DATASET SECTION -
Start of Block
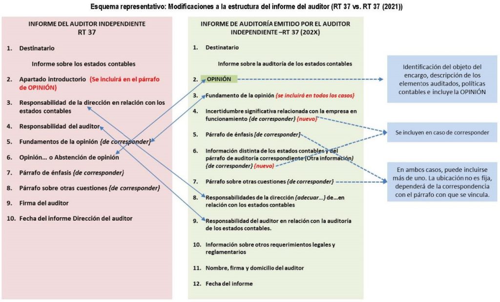 ● Con respecto al orden de los elementos del informe, el párrafo 3 de la sección III.A.ii de la Resolución Técnica N° 37 no establece un orden obligatorio, excepto para los párrafos “Opinión” y “Fundamentos de la opinión”.
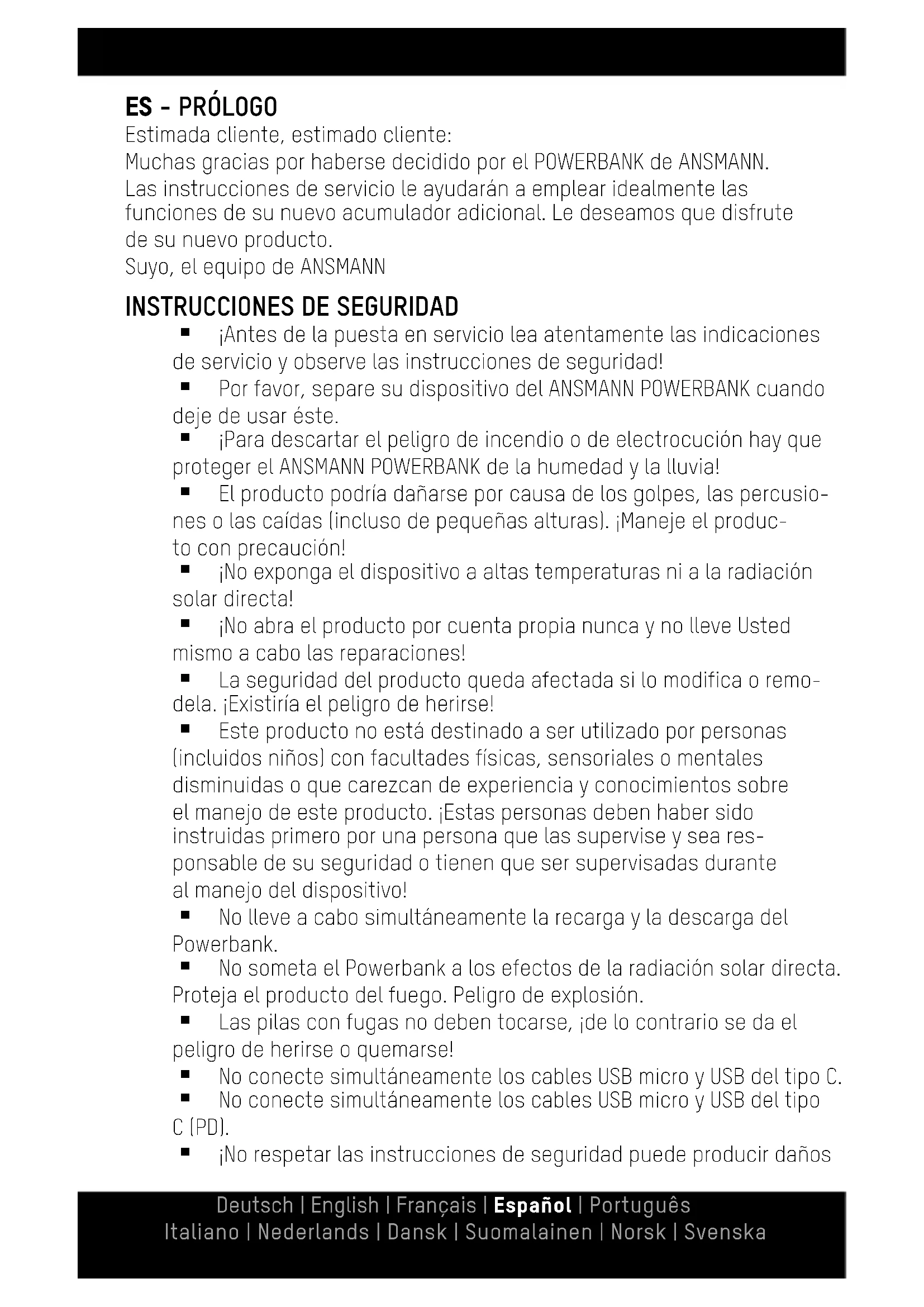 Muchasgracias por haberse decidido por el POWERBANK de ANSMANN.
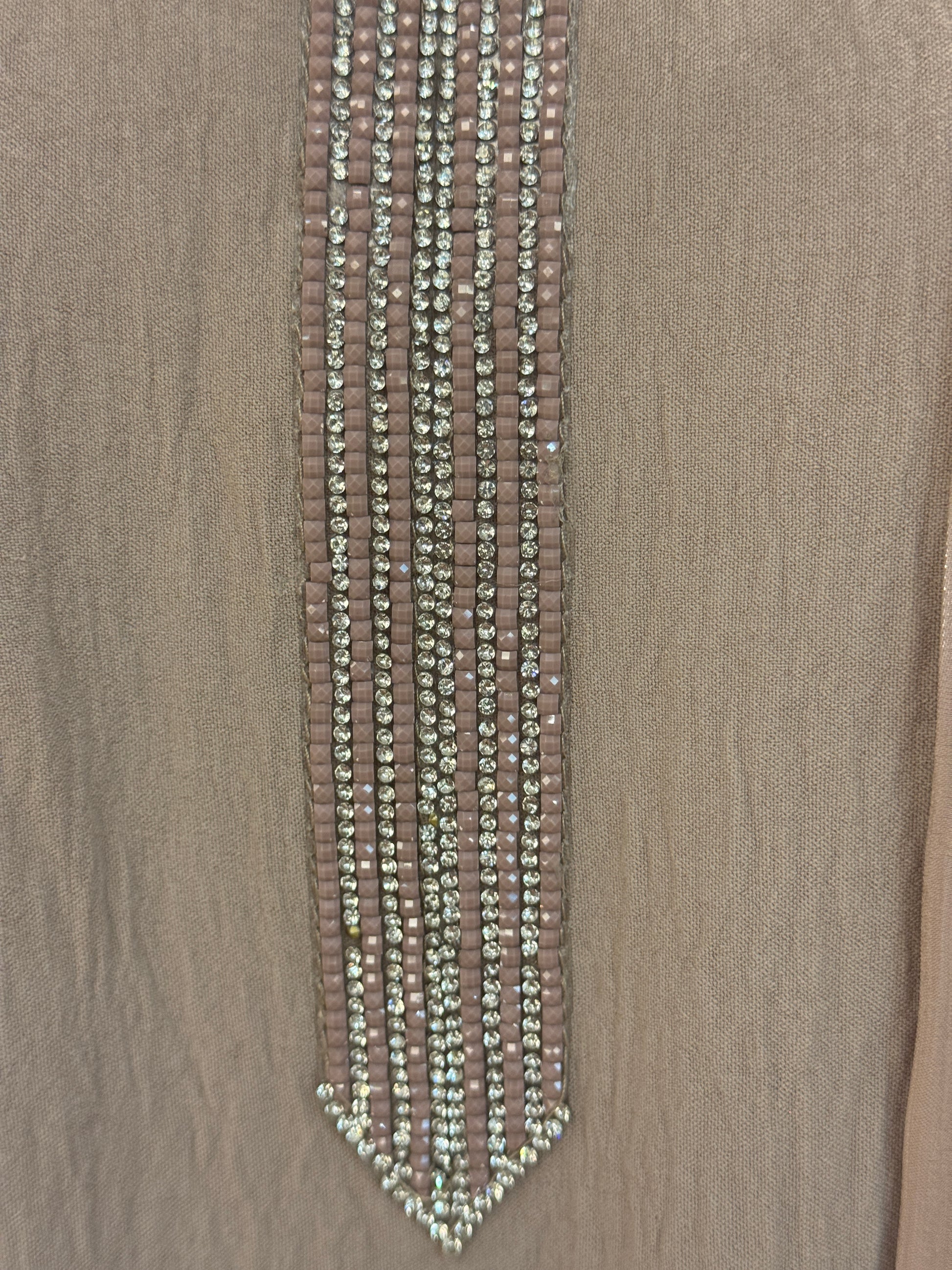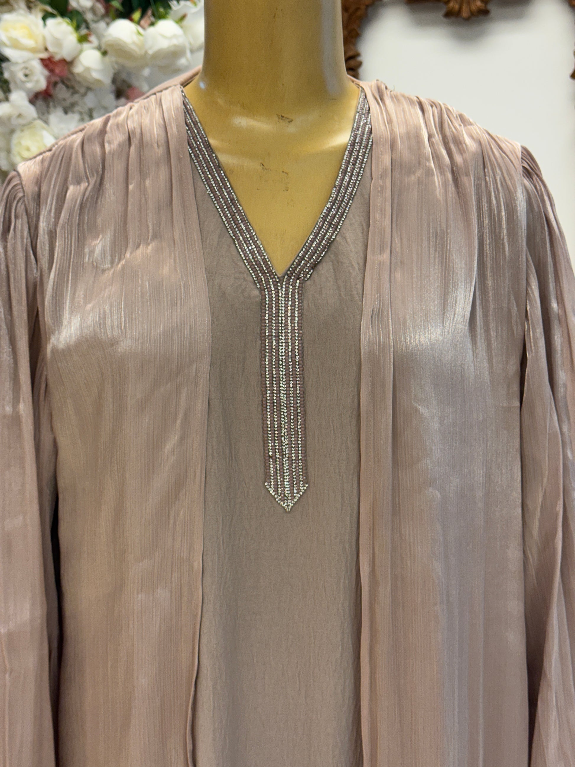 A soft, radiant silhouette that exudes quiet luxury. This champagne-toned abaya features a shimmering beaded neckline in a pointed drop shape, complemented by long, flowing sleeves and a silky finish. Its understated elegance makes it perfect for bridal events, festive gatherings, or elevated everyday wear.
End of Block
WHAT THE TASK ASKS - Print each line of the material above exactly, with the pictures removed from your copy.

TASK RESPONSE -
 ● Con respecto al orden de los elementos del informe, el párrafo 3 de la sección III.A.ii de la Resolución Técnica N° 37 no establece un orden obligatorio, excepto para los párrafos “Opinión” y “Fundamentos de la opinión”.
 Muchasgracias por haberse decidido por el POWERBANK de ANSMANN.
 A soft, radiant silhouette that exudes quiet luxury. This champagne-toned abaya features a shimmering beaded neckline in a pointed drop shape, complemented by long, flowing sleeves and a silky finish. Its understated elegance makes it perfect for bridal events, festive gatherings, or elevated everyday wear.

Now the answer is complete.